# [Task data]
==============================

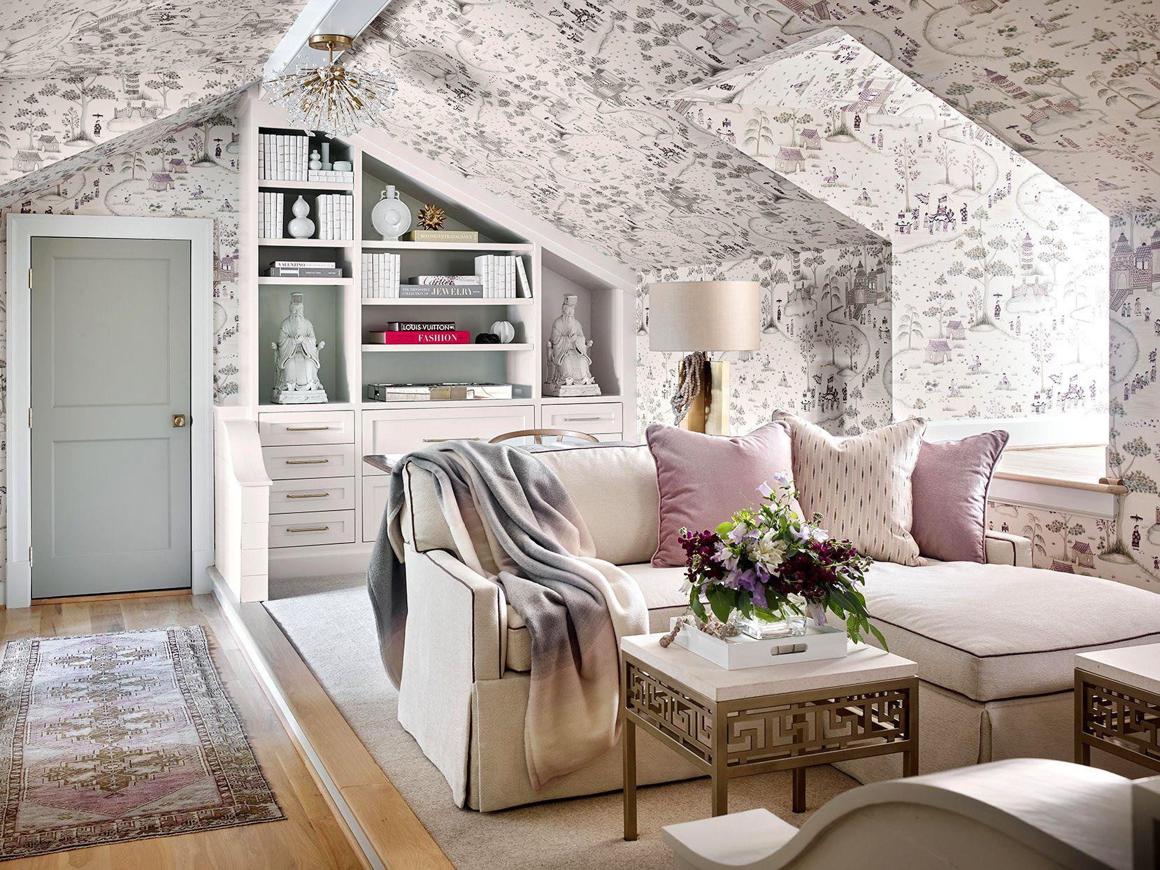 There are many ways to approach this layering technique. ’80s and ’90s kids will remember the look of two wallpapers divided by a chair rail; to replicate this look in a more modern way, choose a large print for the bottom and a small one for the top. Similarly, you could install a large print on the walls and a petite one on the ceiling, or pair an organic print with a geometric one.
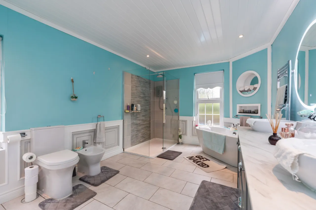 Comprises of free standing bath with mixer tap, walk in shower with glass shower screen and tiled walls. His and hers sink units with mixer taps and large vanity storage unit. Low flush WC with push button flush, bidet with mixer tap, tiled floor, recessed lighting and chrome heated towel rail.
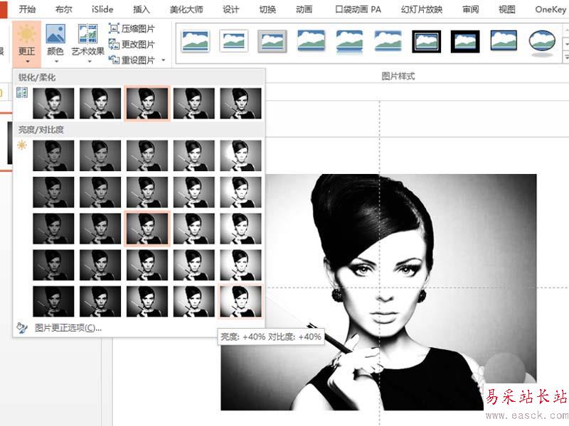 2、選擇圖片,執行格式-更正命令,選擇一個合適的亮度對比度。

==============================

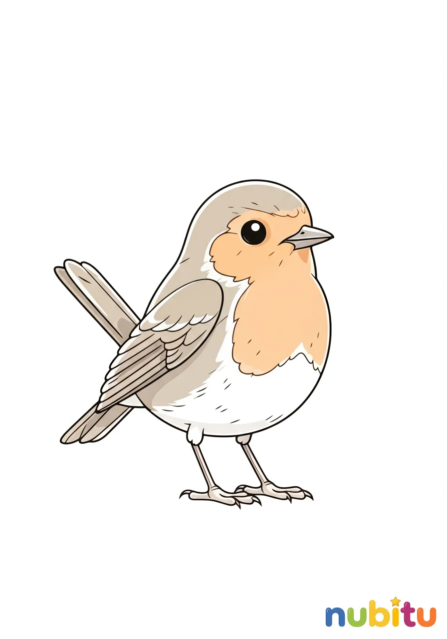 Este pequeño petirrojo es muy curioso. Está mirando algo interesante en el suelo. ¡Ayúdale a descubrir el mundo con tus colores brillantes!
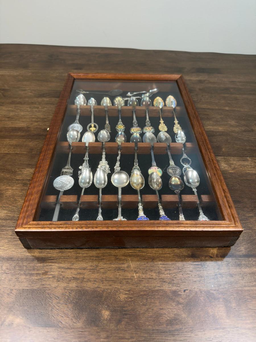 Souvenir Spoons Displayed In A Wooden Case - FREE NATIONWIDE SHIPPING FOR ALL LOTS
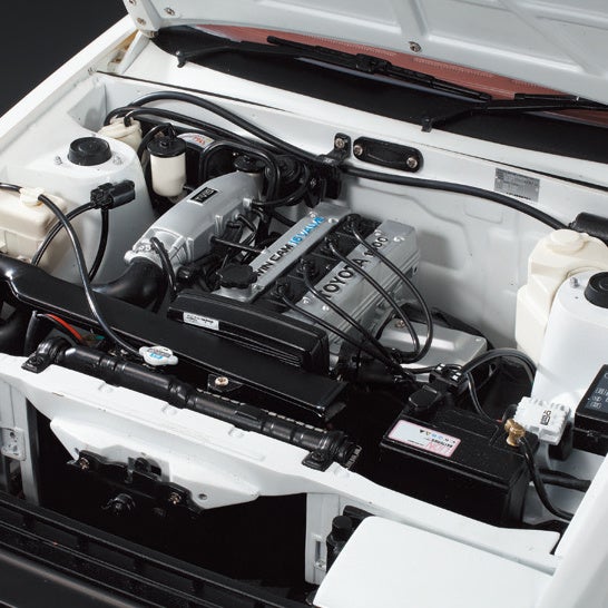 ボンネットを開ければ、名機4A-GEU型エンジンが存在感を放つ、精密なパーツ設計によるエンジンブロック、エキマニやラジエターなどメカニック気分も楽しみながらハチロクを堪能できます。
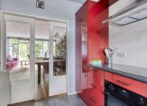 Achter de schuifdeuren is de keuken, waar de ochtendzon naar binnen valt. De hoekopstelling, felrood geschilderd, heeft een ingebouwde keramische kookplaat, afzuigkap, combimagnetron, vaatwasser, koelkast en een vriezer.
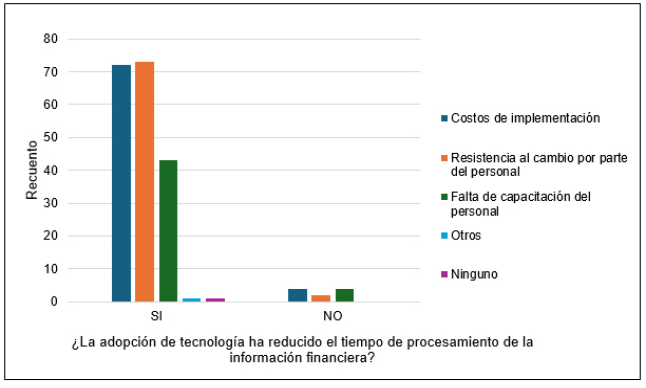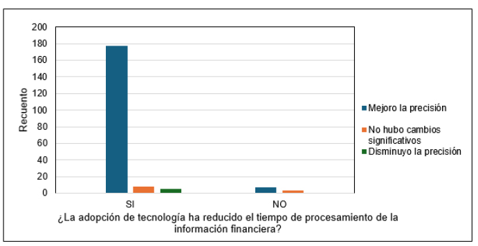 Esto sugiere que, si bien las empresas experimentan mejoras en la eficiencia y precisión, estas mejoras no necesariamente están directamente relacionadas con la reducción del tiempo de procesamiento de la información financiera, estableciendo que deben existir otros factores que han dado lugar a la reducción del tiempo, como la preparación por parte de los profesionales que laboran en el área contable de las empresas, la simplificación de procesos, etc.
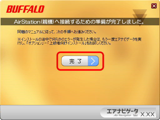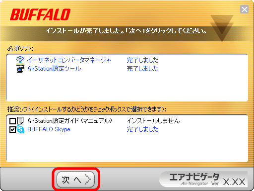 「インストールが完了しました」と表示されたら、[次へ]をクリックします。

==============================

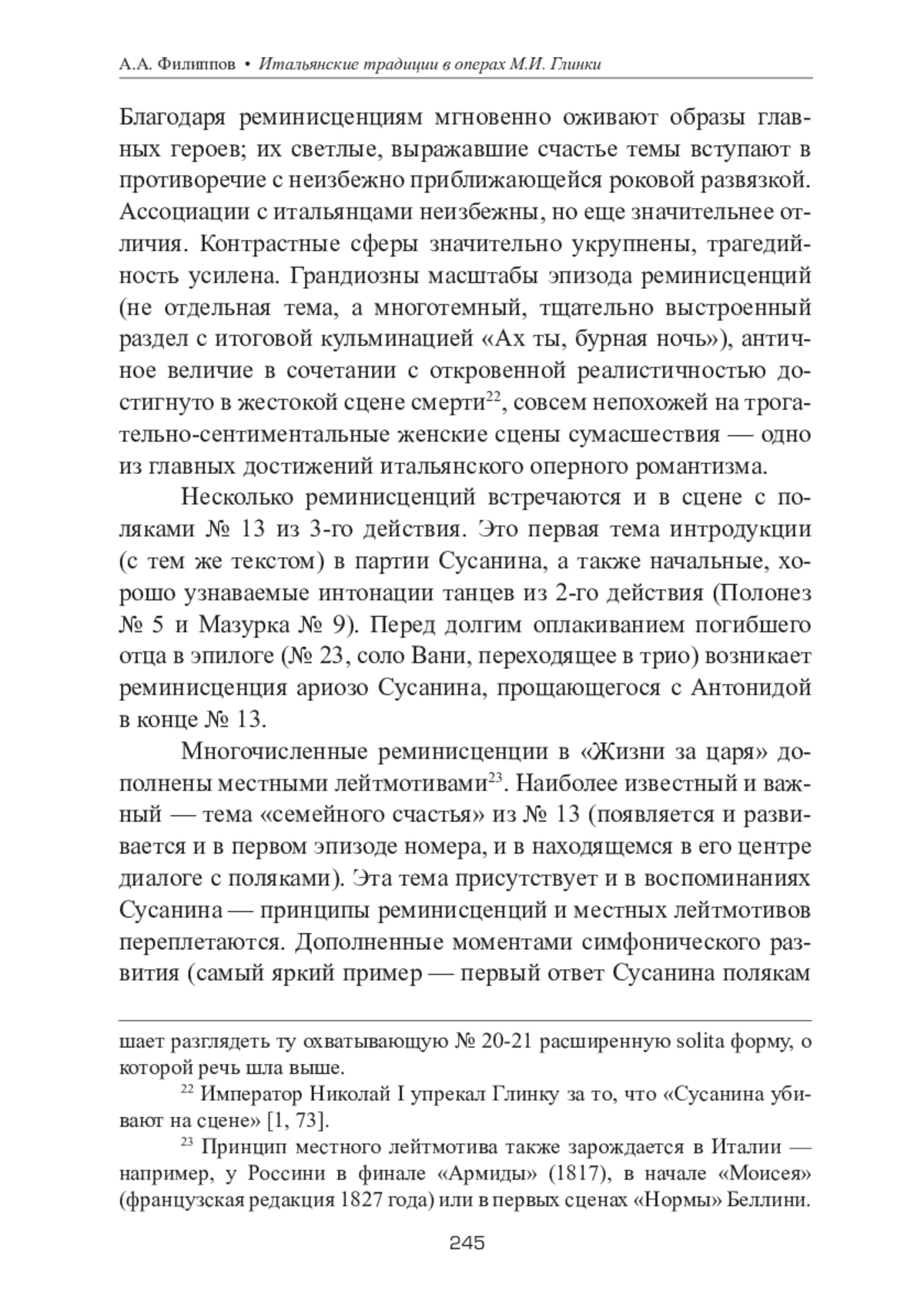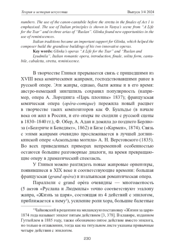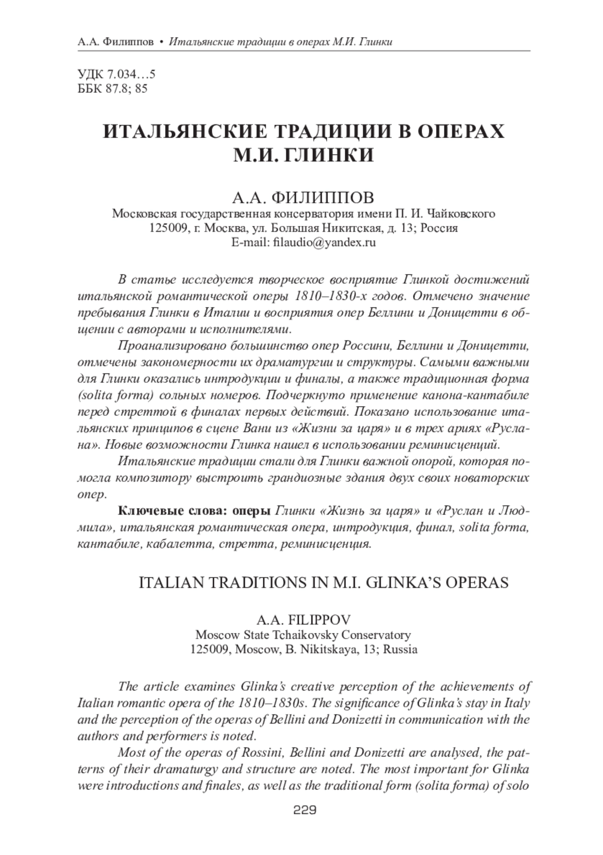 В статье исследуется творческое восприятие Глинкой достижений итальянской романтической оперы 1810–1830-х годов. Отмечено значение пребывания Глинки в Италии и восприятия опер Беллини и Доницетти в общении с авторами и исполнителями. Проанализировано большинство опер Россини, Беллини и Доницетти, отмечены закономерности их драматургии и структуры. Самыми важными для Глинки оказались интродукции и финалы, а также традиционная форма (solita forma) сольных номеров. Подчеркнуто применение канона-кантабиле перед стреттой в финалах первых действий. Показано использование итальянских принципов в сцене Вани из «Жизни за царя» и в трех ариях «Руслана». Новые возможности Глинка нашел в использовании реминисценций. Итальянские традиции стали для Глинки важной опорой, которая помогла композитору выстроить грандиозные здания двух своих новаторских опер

==============================

# [What you need to do]
For this exercise, set down the lines in the entries above from the one with "Comprises of free" through the one with "2、選擇圖片,執行格式-更正命令,選擇一個合適的亮度對比度。" exactly as written, without any pictures.

# [Answer to the problem]
 Comprises of free standing bath with mixer tap, walk in shower with glass shower screen and tiled walls. His and hers sink units with mixer taps and large vanity storage unit. Low flush WC with push button flush, bidet with mixer tap, tiled floor, recessed lighting and chrome heated towel rail.
 2、選擇圖片,執行格式-更正命令,選擇一個合適的亮度對比度。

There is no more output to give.